The Cell Adhesion Molecule M-Cadherin Is Not Essential for Muscle Development and Regeneration

Department of Cell and Molecular Biology, Institute of Biochemistry and Biotechnology, Technical University of Braunschweig, 38106 Braunschweig,¹ Division of Cell Biology, German Cancer Research Center, 69009 Heidelberg, Germany²

Received 28 January 2002/ Returned for modification 15 March 2002/ Accepted 4 April 2002

M-cadherin is a classical calcium-dependent cell adhesion molecule that is highly expressed in developing skeletal muscle, satellite cells, and cerebellum. Based on its expression pattern and observations in cell culture, it has been postulated that M-cadherin may be important for the fusion of myoblasts to form myotubes, the correct localization and function of satellite cells during muscle regeneration, and the specialized architecture of adhering junctions in granule cells of cerebellar glomeruli.
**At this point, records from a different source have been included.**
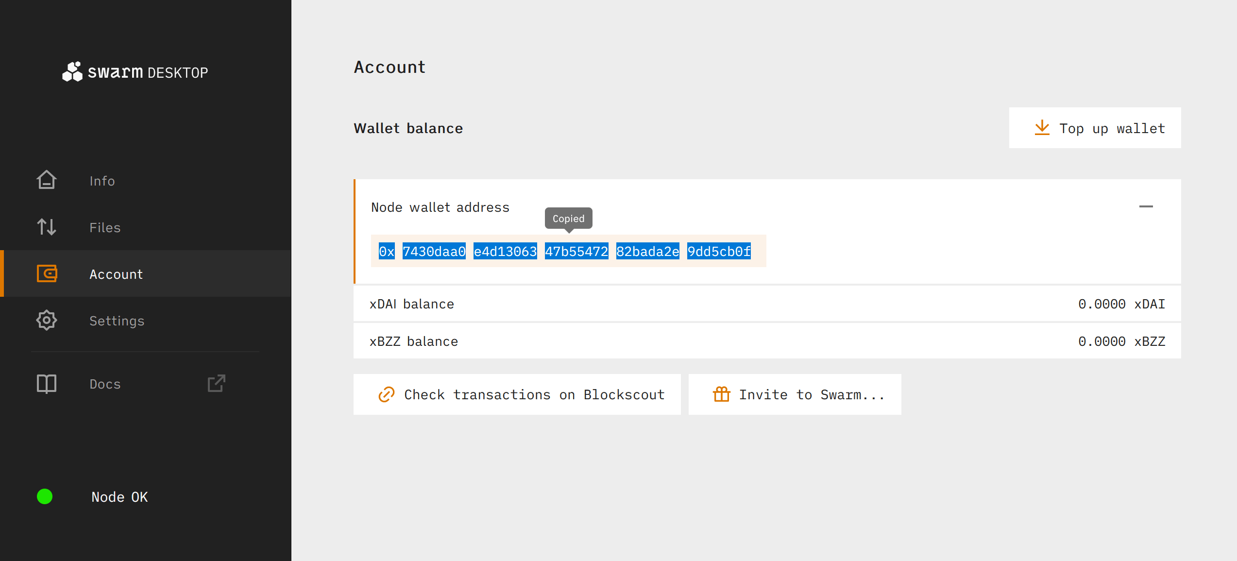 Once you have a few xDAI in your Gnosis Chain address, to fund your Bee node you need to send it from your wallet to your Swarm Desktop wallet. You can find your address from the Account tab of the app.
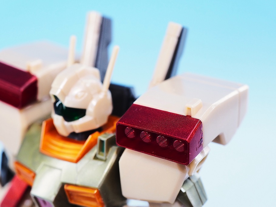 肩には「ミサイル・ポッド」を装備されていて、表面のパーツを付け替える事で換装可能な作りになっています。
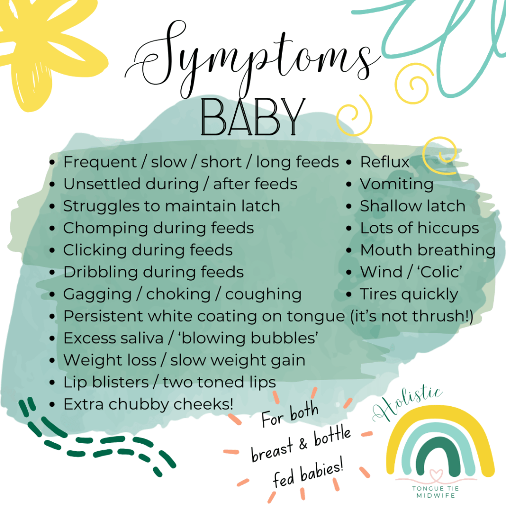 Scroll down to see baby tongue tie symptoms as well as tongue tie symptoms for mums.
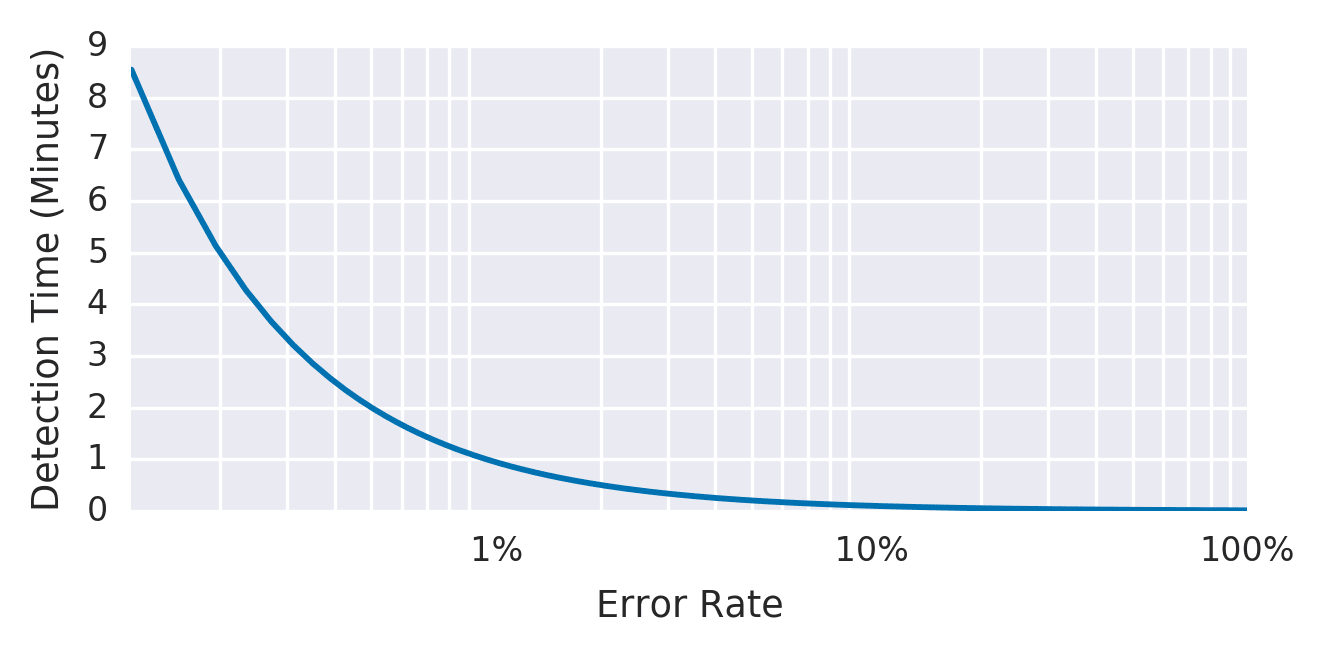 | Detection Time | 悪い | 100% 停止も 0.2% 停止も同じ 1 時間待つ必要がある |
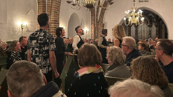 Det var et veloplagt hold, der mødte en fyldt Herfølge Kirke torsdag aften – hvor både sangglæde og kemi mellem gruppen og publikum var i top.
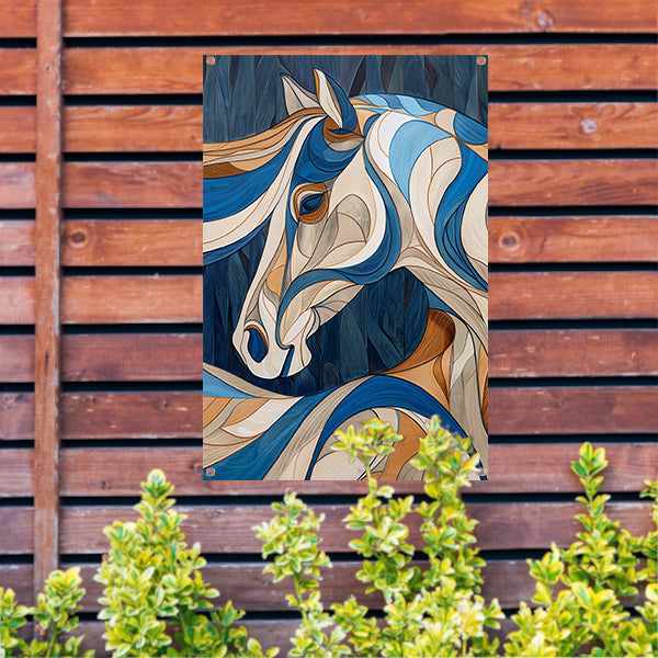 Kleurrijk kubistisch schilderij van een paard tuinposter

In order to investigate the potential roles of M-cadherin in vivo, we generated a null mutation in mice. Mutant mice were viable and fertile and showed no gross developmental defects. In particular, the skeletal musculature appeared essentially normal. Moreover, muscle lesions induced by necrosis were efficiently repaired in mutant mice, suggesting that satellite cells are present, can be activated, and are able to form new myofibers. This was also confirmed by normal growth and fusion potential of mutant satellite cells cultured in vitro. In the cerebellum of M-cadherin-lacking mutants, typical contactus adherens junctions were present and similar in size and numbers to the equivalent junctions in wild-type animals. However, the adhesion plaques in the cerebellum of these mutants appeared to contain elevated levels of N-cadherin compared to wild-type animals. Taken together, these observations suggest that M-cadherin in the mouse serves no absolutely required function during muscle development and regeneration and is not essential for the formation of specialized cell contacts in the cerebellum. It seems that N-cadherin or other cadherins can largely compensate for the lack of M-cadherin.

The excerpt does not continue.